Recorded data
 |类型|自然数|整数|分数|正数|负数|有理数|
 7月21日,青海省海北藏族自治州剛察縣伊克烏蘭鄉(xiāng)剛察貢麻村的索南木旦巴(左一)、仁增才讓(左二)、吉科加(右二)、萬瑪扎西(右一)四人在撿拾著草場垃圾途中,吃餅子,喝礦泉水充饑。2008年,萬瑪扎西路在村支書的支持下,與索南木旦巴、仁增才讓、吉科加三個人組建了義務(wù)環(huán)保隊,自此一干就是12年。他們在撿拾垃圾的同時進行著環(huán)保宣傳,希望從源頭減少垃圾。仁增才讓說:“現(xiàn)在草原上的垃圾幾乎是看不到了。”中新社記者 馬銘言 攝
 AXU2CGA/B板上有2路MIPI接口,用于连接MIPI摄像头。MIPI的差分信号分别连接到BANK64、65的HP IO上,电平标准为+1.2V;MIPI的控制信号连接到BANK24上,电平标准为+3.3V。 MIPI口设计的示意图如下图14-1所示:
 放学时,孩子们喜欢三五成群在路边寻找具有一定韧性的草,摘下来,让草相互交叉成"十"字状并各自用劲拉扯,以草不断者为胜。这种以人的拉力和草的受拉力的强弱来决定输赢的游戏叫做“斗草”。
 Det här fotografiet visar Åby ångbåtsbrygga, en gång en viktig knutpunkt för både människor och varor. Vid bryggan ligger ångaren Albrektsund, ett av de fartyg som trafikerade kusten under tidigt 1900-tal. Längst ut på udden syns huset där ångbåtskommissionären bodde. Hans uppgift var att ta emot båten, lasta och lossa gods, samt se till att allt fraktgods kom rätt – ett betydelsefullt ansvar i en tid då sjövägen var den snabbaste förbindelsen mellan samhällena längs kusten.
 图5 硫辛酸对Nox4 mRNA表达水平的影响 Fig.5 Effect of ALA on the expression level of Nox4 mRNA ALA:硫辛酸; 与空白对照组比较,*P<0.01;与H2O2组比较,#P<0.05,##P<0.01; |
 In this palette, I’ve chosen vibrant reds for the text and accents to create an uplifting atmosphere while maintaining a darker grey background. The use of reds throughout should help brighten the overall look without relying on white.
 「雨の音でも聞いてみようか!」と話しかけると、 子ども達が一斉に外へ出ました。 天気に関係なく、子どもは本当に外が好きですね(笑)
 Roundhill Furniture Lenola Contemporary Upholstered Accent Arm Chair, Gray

--

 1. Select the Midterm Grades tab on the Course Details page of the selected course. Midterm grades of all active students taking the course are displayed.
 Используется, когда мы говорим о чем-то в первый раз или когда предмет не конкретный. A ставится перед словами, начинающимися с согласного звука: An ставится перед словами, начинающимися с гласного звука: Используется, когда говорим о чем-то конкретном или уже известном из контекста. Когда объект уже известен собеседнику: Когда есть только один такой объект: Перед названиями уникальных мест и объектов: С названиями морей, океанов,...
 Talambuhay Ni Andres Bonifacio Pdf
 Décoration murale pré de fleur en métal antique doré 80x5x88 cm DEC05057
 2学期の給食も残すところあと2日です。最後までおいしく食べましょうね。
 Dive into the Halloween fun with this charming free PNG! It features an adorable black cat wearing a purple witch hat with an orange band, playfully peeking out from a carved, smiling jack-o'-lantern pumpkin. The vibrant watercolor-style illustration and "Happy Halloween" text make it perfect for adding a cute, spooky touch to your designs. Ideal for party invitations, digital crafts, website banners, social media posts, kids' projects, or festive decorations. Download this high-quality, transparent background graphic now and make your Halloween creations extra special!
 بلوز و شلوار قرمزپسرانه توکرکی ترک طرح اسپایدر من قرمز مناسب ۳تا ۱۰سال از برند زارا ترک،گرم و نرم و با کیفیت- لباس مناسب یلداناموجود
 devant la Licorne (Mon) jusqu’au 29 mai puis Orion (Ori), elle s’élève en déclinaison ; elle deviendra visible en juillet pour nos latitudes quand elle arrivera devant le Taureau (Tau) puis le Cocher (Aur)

● **What is required**
Reproduce exactly the lines above from the line with "In this palette, I’ve" to the line with "Roundhill Furniture Lenola", including both, and add nothing.

● **Task result**
 In this palette, I’ve chosen vibrant reds for the text and accents to create an uplifting atmosphere while maintaining a darker grey background. The use of reds throughout should help brighten the overall look without relying on white.
 「雨の音でも聞いてみようか!」と話しかけると、 子ども達が一斉に外へ出ました。 天気に関係なく、子どもは本当に外が好きですね(笑)
 Roundhill Furniture Lenola Contemporary Upholstered Accent Arm Chair, Gray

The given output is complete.